I tend to think the trend is towards a future with fewer pathologists needed because each can do more. The bigger questions are
1)what newer types of testing will develop and how pathology will be involved. That's also the bigger unknown.
2) How do pathologists get paid? If everything is bundled how does money get distributed and who distributes it? The primary cares? Hospitals? Physician groups? Insurance companies? Regardless of who does it do the physician specialties that take more of the pie now continue to take more of the pie?
 
Might as well kiss clin path goodbye. That's the future and I don't see it changing. Consolidation and automation with cheap PhD scientists running the show is going to be the new normal.

CAP's lobby in Washington tries to get residency spots expanded. I don't think pathology's getting cut any time soon.

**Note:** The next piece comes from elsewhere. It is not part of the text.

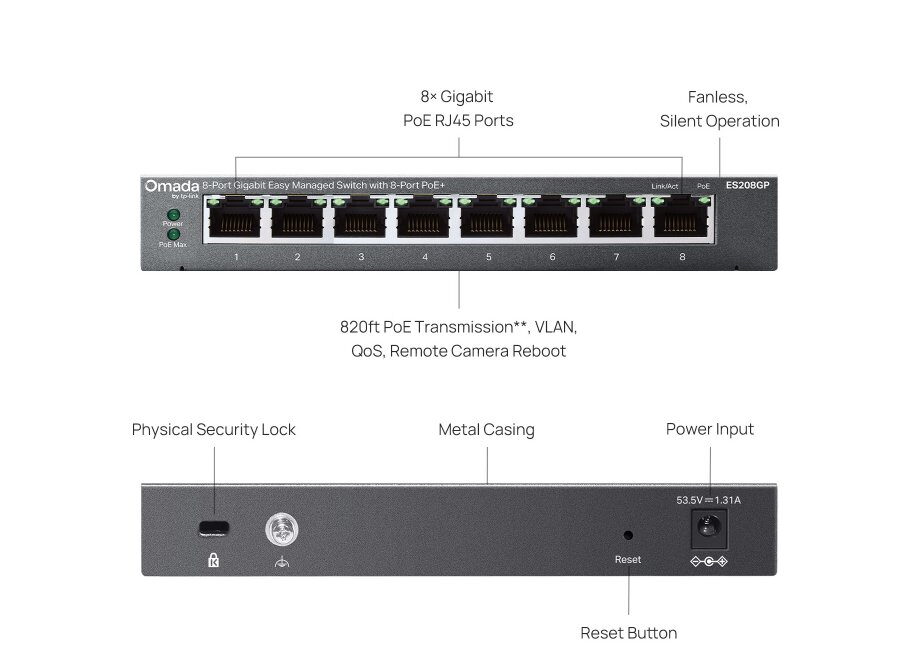 TP-Link ES208GP je snadno spravovatelný 8portový gigabitový switch s podporou PoE+ a celkovým výkonem 64 W. Je ideálním řešením pro napájení IP kamer, přístupových bodů nebo VoIP telefonů, a to díky podpoře Omada SDN a bezplatné cloudové správě Omada Cloud Essentials.
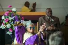 Rev. Nurjhan Govan claps her hands during a pastor appreciation service at Trinity African Methodist Episcopal Church Sunday April 17, 2016. The Rev. Nurjhan Govan has ministered tirelessly for more than a dozen years to members of the Trinity African Methodist Episcopal (AME) Church ó longer than any other pastor at the Salt Lake City landmark.

AP is going to be more challenging. The lumping in of AP with the rest of lab makes it seem to admins that the same automation can occur with it. However they fail to realize the interpretive subjective assessment that is the usual course of business with practicing AP. Nevertheless, hanging out with the wrong crowd makes you guilty by association - our "lab"ness will be enough for admins to cut our slice of the pie as small as it can possibly get, and for some things there will be no pie leftover. We're the last in the pay chain with bundled payments, and we'll be the ones eating the crumbs unless we provide arguments as to why it is a bad idea for patients.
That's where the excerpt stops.